Where the lines below hold images, skip those and copy every word exactly.

[Collected material]:
= = =

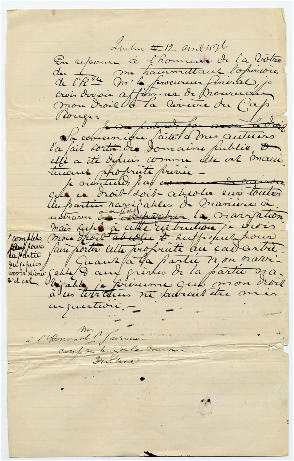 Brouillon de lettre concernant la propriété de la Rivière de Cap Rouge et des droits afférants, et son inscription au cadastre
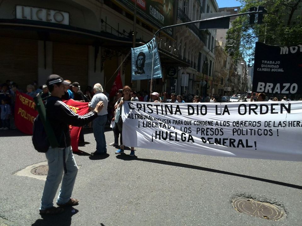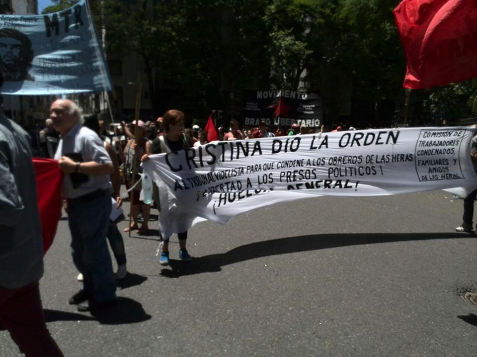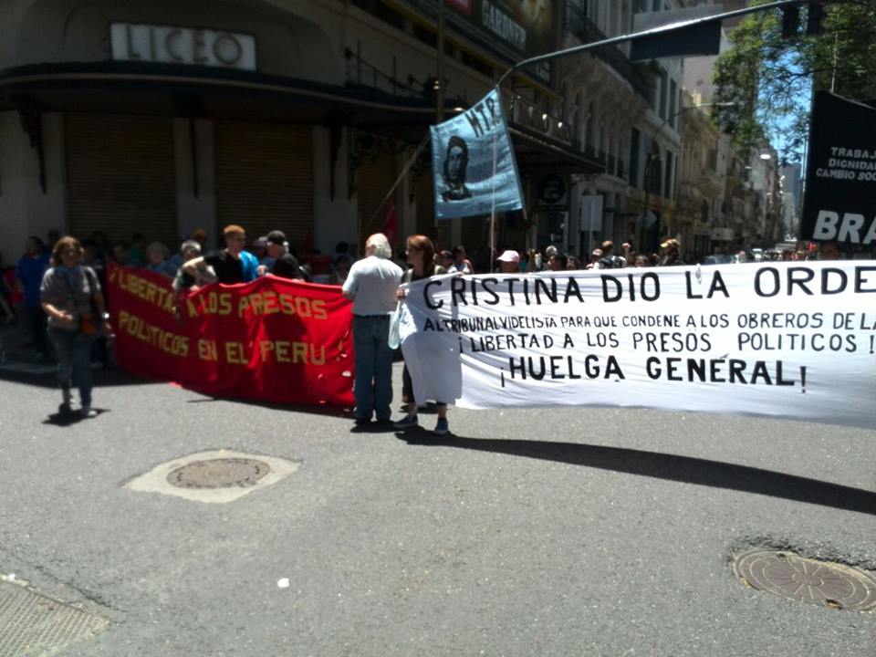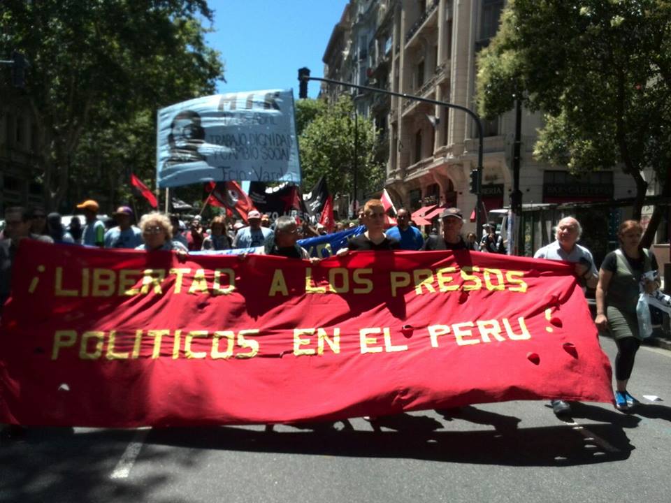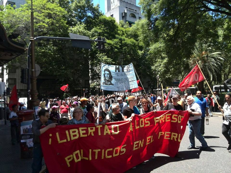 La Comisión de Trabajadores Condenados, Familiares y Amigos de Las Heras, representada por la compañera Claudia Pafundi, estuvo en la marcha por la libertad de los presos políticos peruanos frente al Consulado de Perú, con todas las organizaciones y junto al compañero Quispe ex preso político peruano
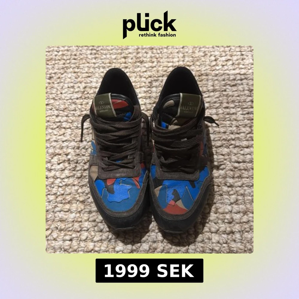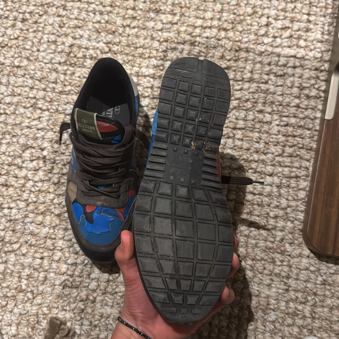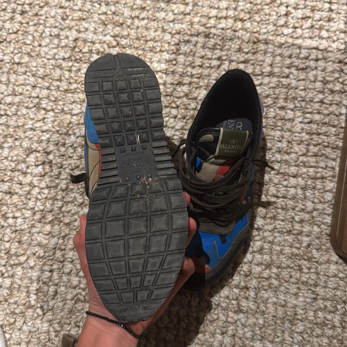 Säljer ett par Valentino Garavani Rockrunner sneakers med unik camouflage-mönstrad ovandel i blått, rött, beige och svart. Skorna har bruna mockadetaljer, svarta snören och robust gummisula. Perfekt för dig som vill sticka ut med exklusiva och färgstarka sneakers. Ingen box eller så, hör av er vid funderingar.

= = =

[Result]:
 Brouillon de lettre concernant la propriété de la Rivière de Cap Rouge et des droits afférants, et son inscription au cadastre
 La Comisión de Trabajadores Condenados, Familiares y Amigos de Las Heras, representada por la compañera Claudia Pafundi, estuvo en la marcha por la libertad de los presos políticos peruanos frente al Consulado de Perú, con todas las organizaciones y junto al compañero Quispe ex preso político peruano
 Säljer ett par Valentino Garavani Rockrunner sneakers med unik camouflage-mönstrad ovandel i blått, rött, beige och svart. Skorna har bruna mockadetaljer, svarta snören och robust gummisula. Perfekt för dig som vill sticka ut med exklusiva och färgstarka sneakers. Ingen box eller så, hör av er vid funderingar.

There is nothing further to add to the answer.